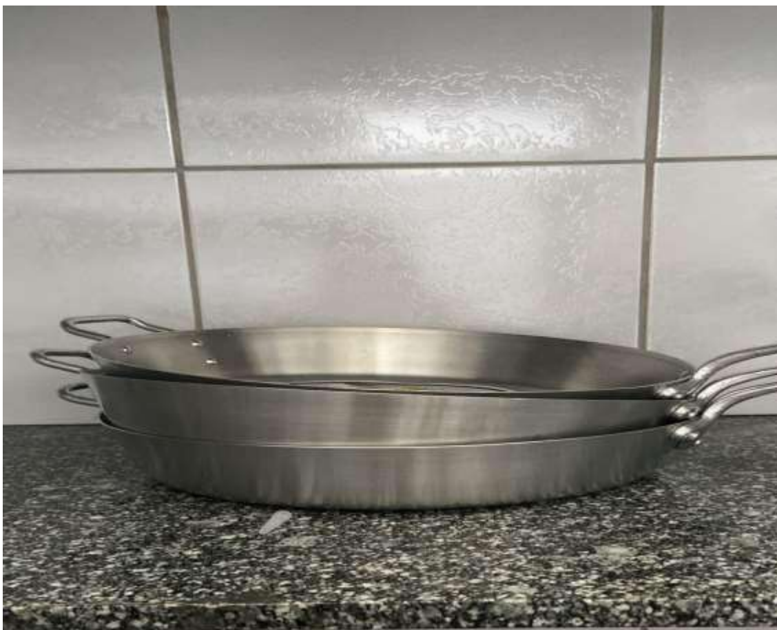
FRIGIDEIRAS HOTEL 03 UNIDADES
--
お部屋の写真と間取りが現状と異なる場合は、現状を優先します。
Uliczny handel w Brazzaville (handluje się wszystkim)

Your instructions
Produce a word-for-word copy of everything above from the line holding "お部屋の写真と間取りが現状と異なる場合は、現状を優先します。" down to the line holding "Uliczny handel w", with both of those lines kept.

Output below
お部屋の写真と間取りが現状と異なる場合は、現状を優先します。
Uliczny handel w Brazzaville (handluje się wszystkim)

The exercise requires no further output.